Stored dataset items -
-------------------------

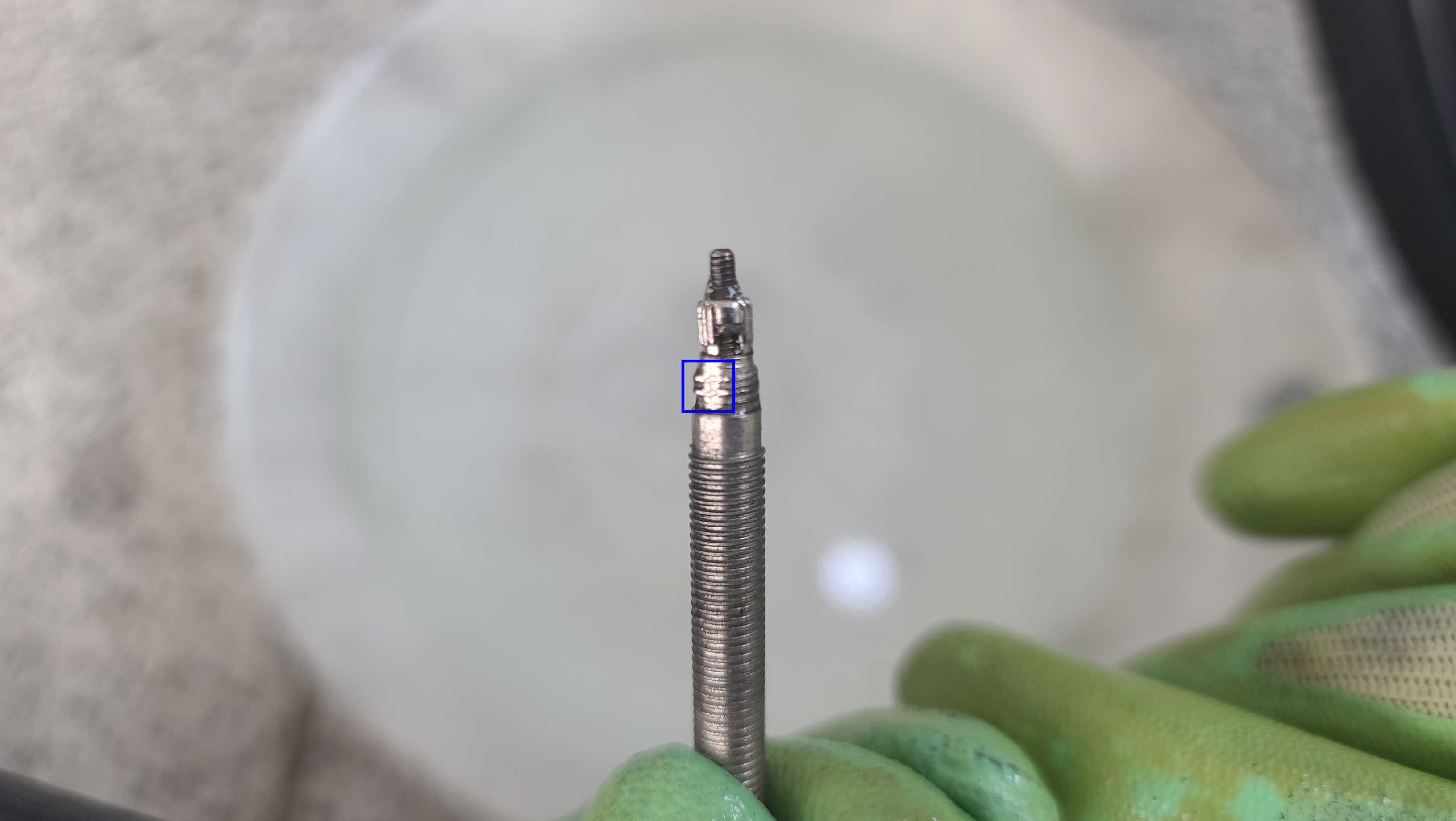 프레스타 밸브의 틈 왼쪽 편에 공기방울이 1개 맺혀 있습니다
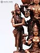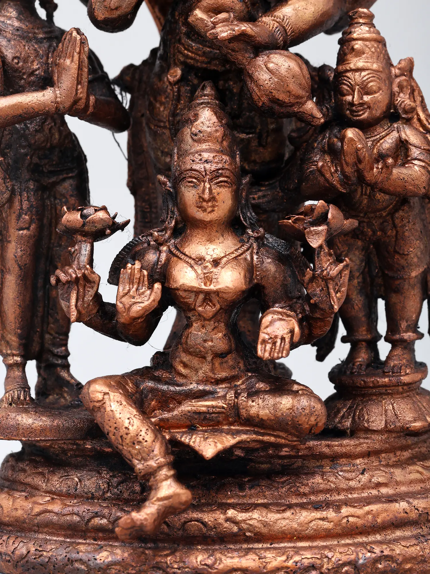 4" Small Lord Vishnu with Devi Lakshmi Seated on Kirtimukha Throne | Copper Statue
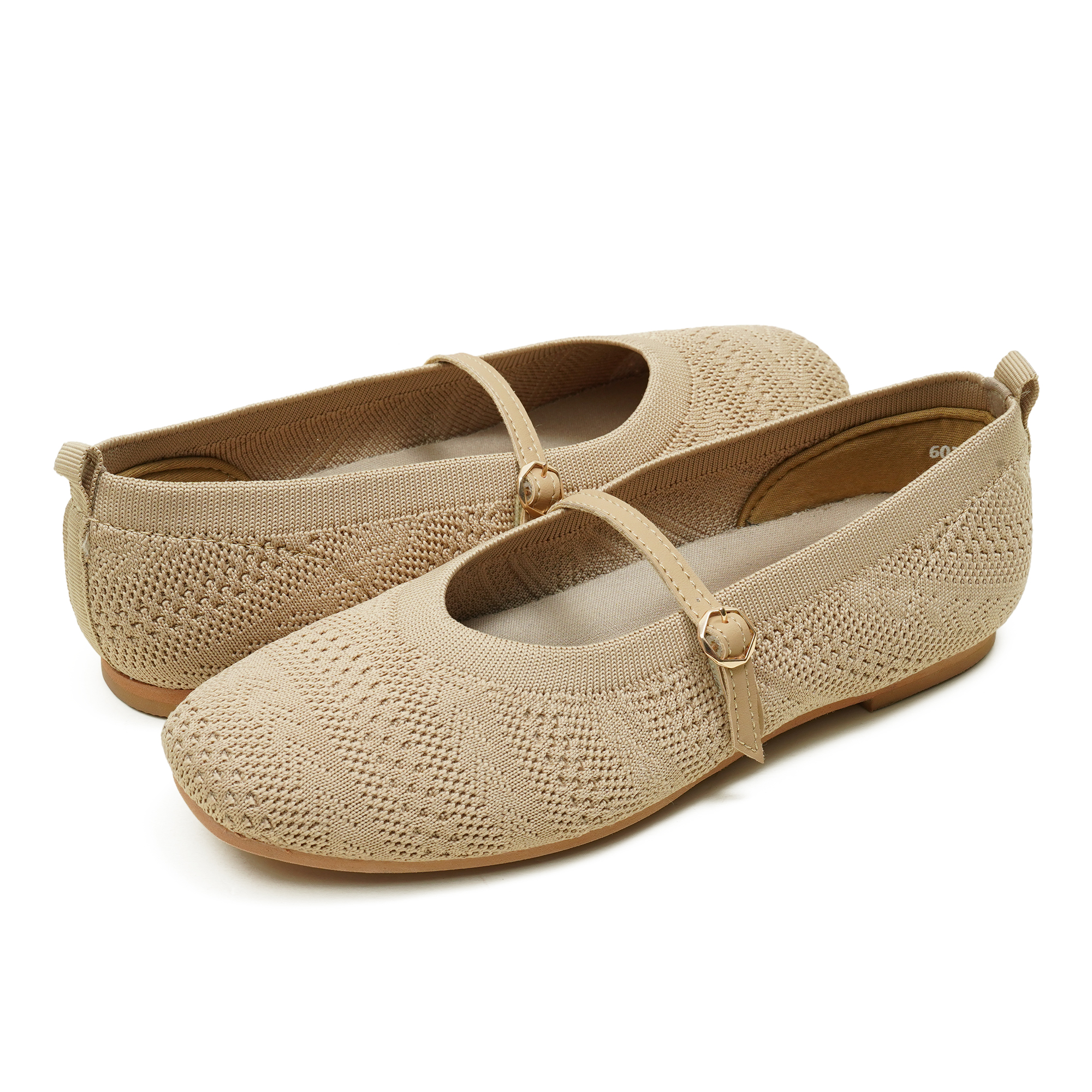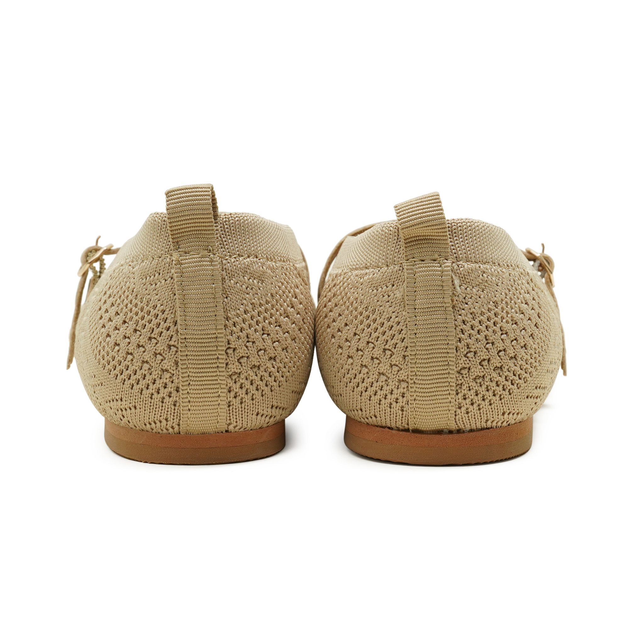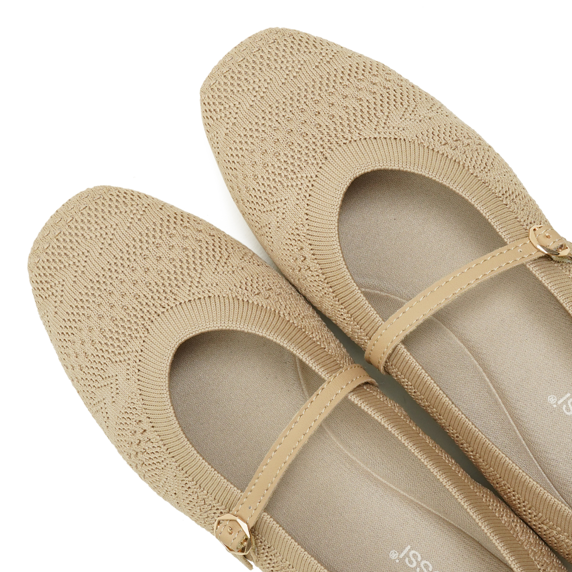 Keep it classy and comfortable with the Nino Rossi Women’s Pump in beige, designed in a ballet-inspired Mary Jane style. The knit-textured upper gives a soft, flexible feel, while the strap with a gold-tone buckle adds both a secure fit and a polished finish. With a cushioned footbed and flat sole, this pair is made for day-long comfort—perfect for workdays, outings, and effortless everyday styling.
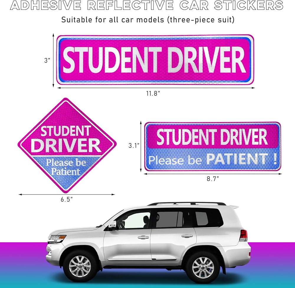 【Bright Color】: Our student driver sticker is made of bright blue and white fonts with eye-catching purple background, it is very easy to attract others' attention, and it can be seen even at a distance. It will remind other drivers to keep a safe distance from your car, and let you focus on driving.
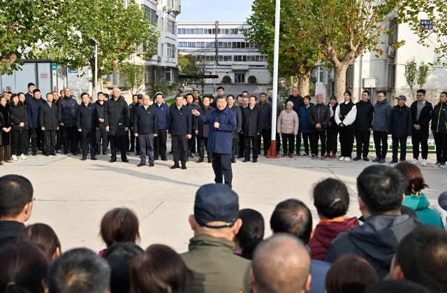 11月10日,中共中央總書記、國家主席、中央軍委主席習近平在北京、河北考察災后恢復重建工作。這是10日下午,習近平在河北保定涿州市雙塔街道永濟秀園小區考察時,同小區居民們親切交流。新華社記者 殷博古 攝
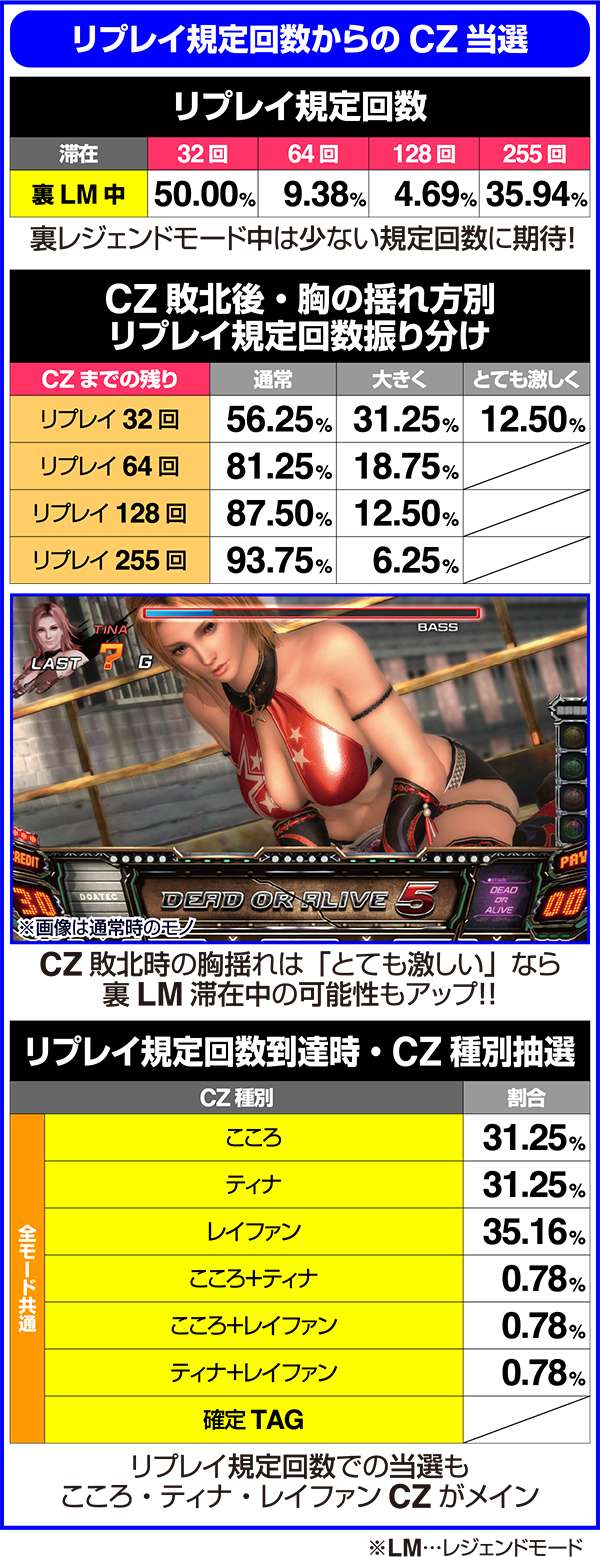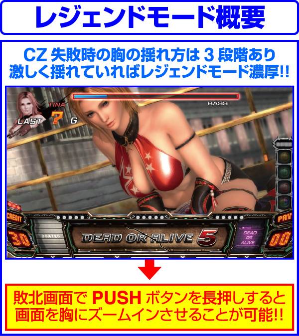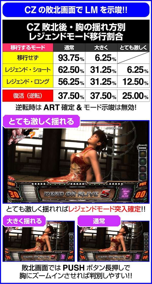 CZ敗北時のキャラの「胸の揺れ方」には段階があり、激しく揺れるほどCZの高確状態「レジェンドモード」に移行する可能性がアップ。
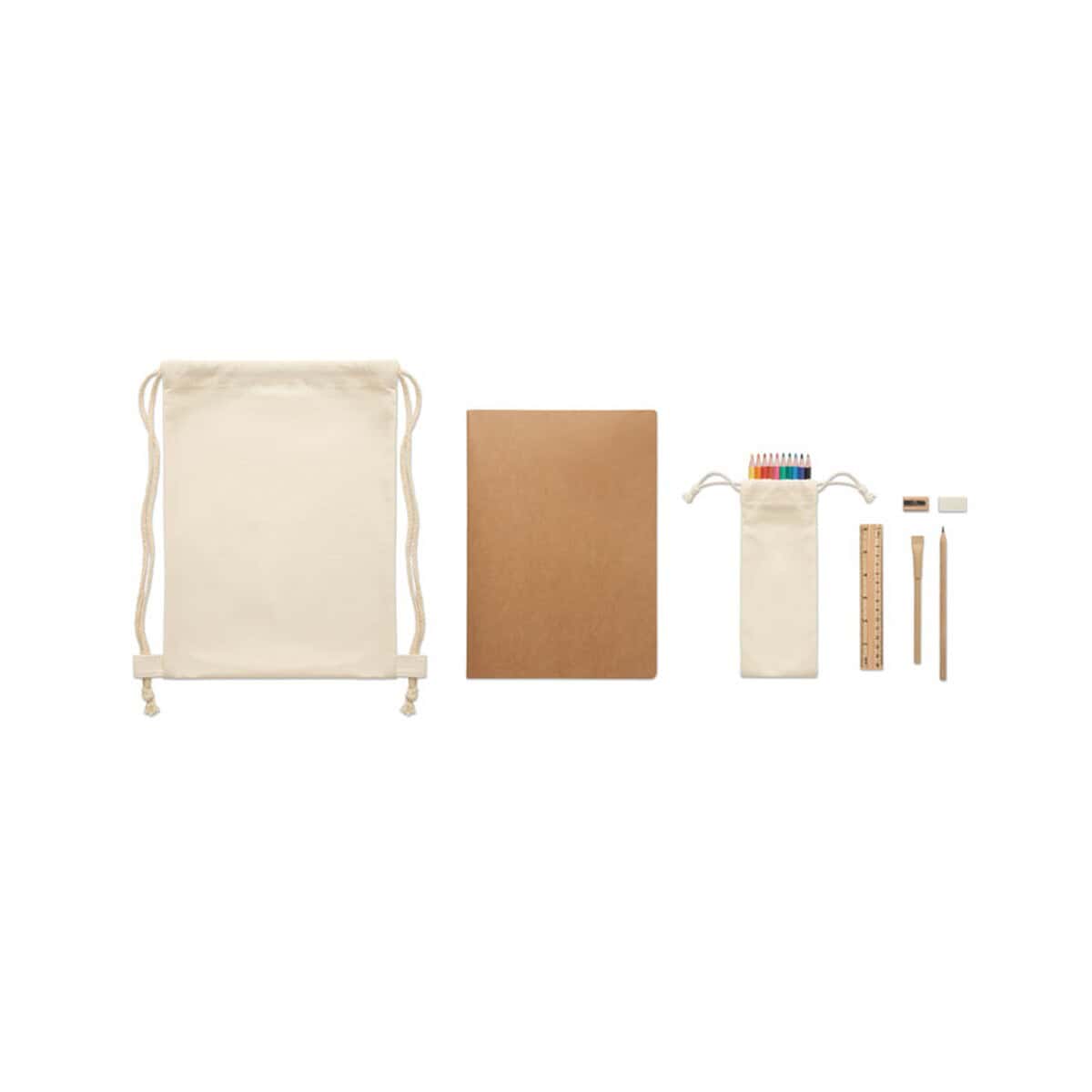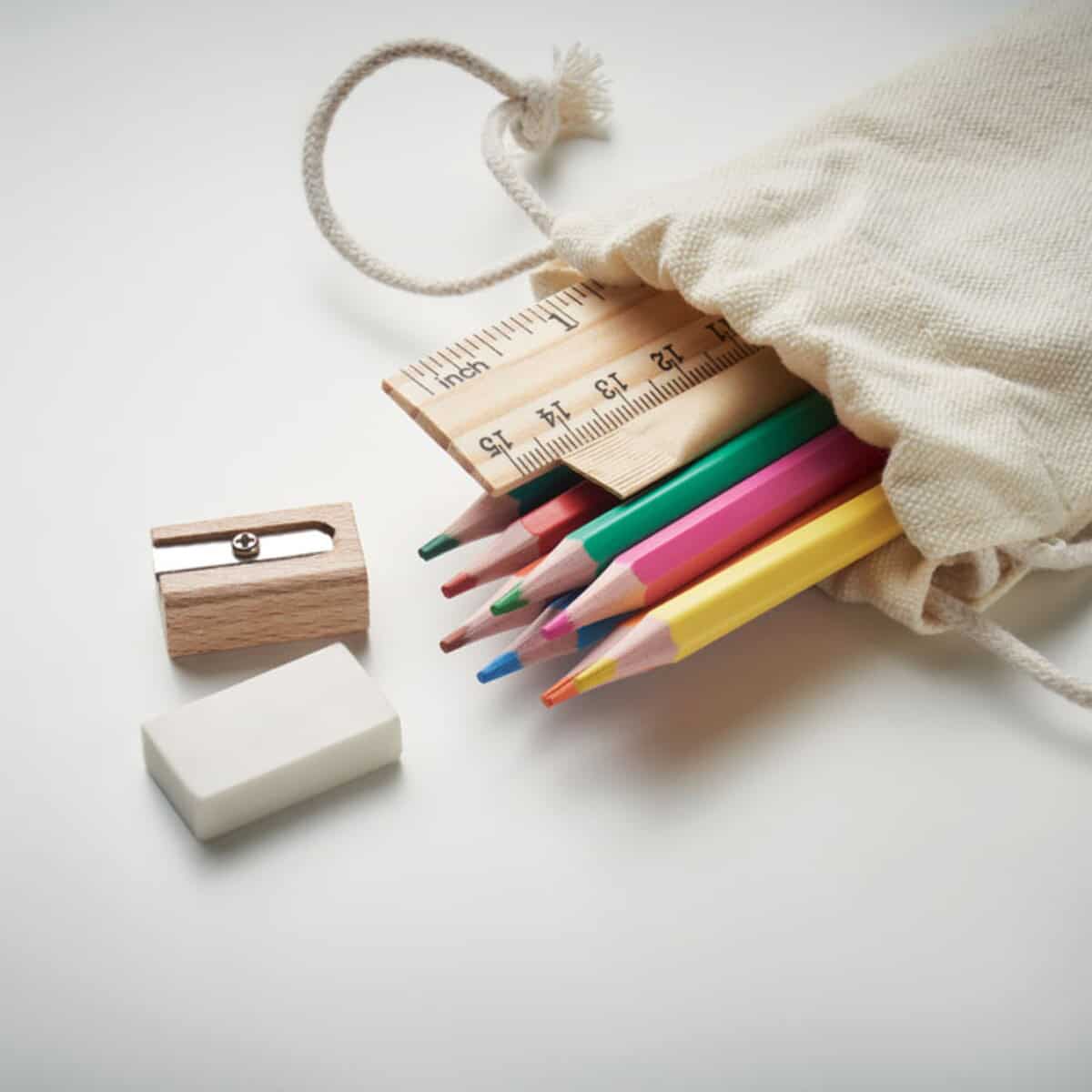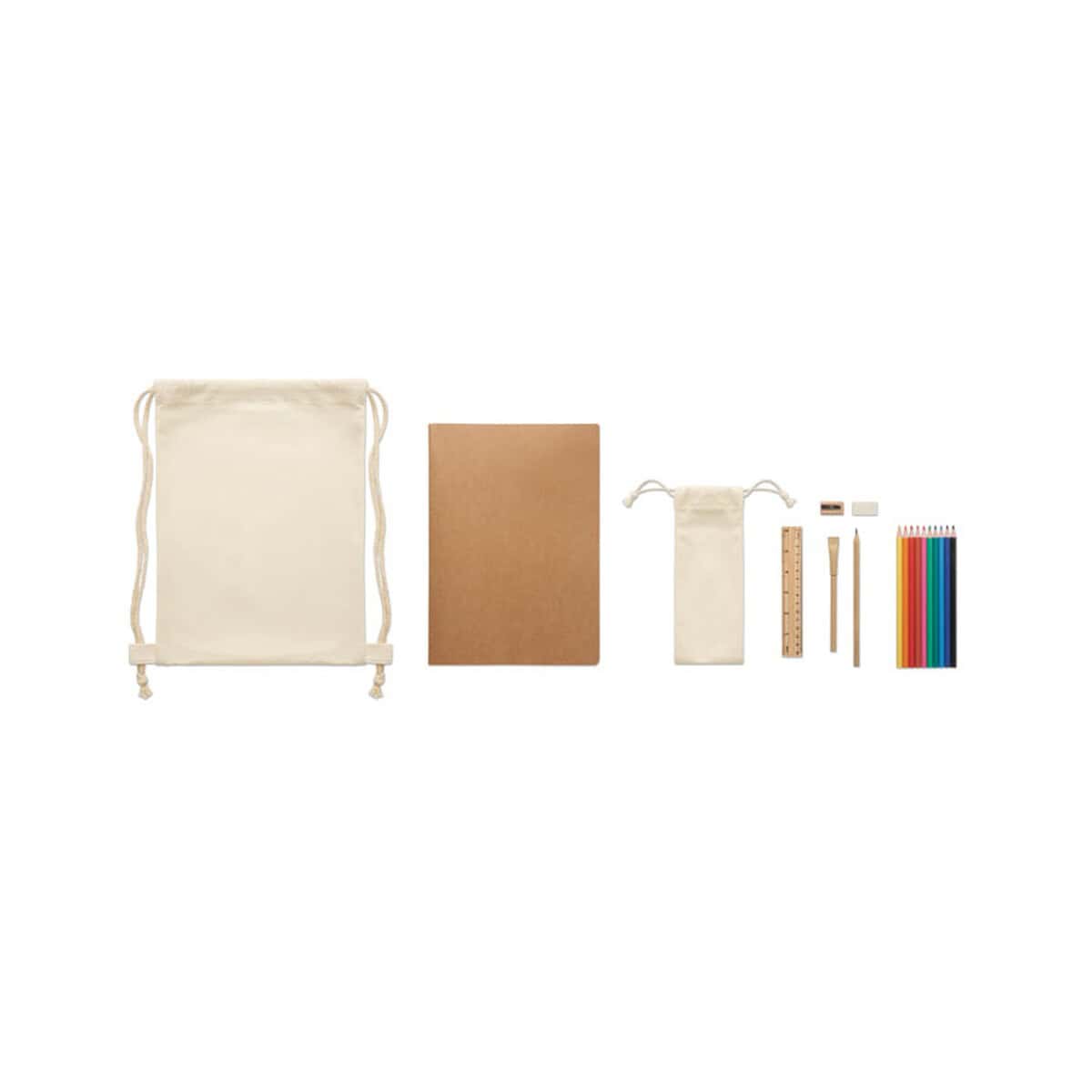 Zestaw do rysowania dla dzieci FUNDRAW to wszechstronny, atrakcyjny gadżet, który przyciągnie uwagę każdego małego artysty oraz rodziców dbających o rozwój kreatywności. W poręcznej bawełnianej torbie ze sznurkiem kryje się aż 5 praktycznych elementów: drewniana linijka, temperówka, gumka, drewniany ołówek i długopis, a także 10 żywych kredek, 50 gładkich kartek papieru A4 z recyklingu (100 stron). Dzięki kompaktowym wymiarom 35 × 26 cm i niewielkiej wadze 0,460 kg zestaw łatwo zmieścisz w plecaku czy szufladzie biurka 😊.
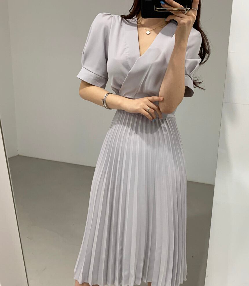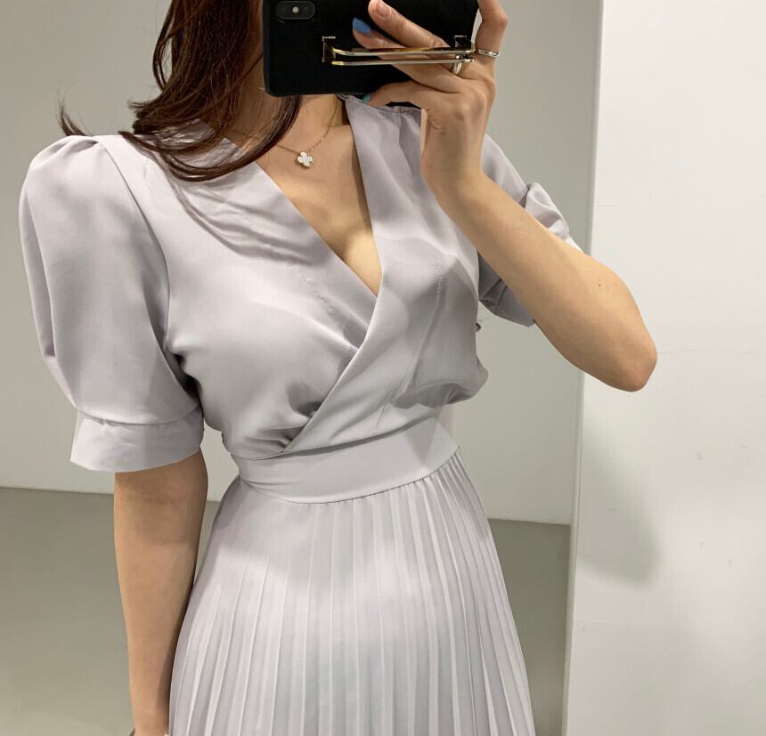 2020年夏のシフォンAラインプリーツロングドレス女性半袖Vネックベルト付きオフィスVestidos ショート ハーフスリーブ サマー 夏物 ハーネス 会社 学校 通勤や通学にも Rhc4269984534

-------------------------

HOW TO COMPLETE THIS TASK - Return exactly the lines that begin with the one containing "Zestaw do rysowania" and end with the final line of the data above; include no pictures.

TASK RESULT -
 Zestaw do rysowania dla dzieci FUNDRAW to wszechstronny, atrakcyjny gadżet, który przyciągnie uwagę każdego małego artysty oraz rodziców dbających o rozwój kreatywności. W poręcznej bawełnianej torbie ze sznurkiem kryje się aż 5 praktycznych elementów: drewniana linijka, temperówka, gumka, drewniany ołówek i długopis, a także 10 żywych kredek, 50 gładkich kartek papieru A4 z recyklingu (100 stron). Dzięki kompaktowym wymiarom 35 × 26 cm i niewielkiej wadze 0,460 kg zestaw łatwo zmieścisz w plecaku czy szufladzie biurka 😊.
 2020年夏のシフォンAラインプリーツロングドレス女性半袖Vネックベルト付きオフィスVestidos ショート ハーフスリーブ サマー 夏物 ハーネス 会社 学校 通勤や通学にも Rhc4269984534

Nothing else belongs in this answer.